[Opening DATA EXTRACT section]
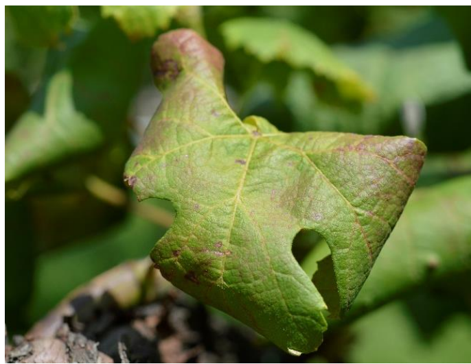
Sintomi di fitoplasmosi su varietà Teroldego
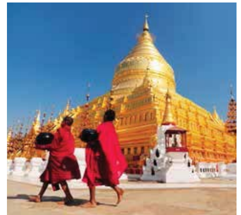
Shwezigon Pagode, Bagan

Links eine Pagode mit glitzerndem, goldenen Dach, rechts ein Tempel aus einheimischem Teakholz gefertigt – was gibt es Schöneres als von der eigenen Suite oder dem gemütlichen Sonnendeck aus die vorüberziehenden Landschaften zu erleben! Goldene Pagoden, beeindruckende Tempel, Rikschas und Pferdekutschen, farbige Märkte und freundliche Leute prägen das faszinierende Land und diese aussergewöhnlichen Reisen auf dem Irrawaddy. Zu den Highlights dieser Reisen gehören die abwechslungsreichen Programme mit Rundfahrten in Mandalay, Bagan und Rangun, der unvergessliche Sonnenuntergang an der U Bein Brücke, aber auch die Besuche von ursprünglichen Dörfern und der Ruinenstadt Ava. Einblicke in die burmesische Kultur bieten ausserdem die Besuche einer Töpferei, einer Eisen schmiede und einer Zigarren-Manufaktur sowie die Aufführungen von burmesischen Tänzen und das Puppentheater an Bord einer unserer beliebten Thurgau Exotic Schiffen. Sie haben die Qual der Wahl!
[Closing DATA EXTRACT section]
[Opening DATA EXTRACT section]
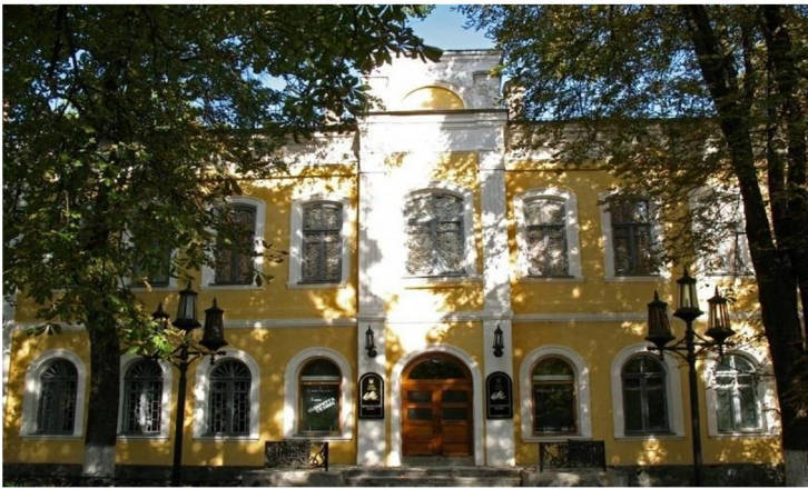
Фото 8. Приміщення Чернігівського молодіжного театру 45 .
[Closing DATA EXTRACT section]
[Opening DATA EXTRACT section]
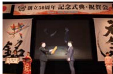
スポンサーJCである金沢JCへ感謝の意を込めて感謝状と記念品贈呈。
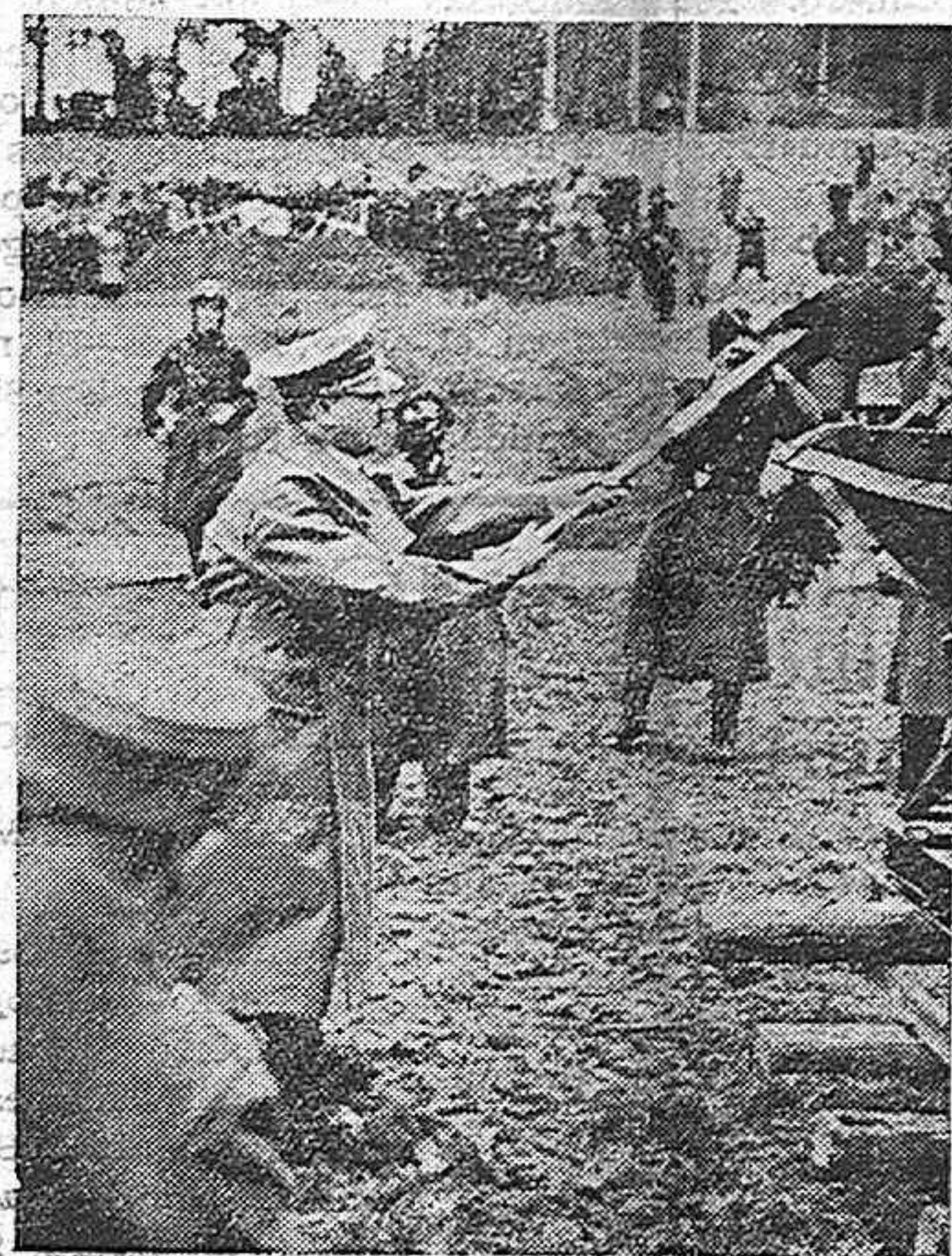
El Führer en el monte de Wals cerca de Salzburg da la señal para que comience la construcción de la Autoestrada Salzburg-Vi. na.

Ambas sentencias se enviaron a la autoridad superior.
[Closing DATA EXTRACT section]
**WHAT YOU ARE ASKED TO DO**
Look above for the line holding "El Führer en" and the line holding "Ambas sentencias se". Retype both, and every line between them, word for word and nothing else.

**SOLUTION TO THIS PROBLEM**
El Führer en el monte de Wals cerca de Salzburg da la señal para que comience la construcción de la Autoestrada Salzburg-Vi. na.

Ambas sentencias se enviaron a la autoridad superior.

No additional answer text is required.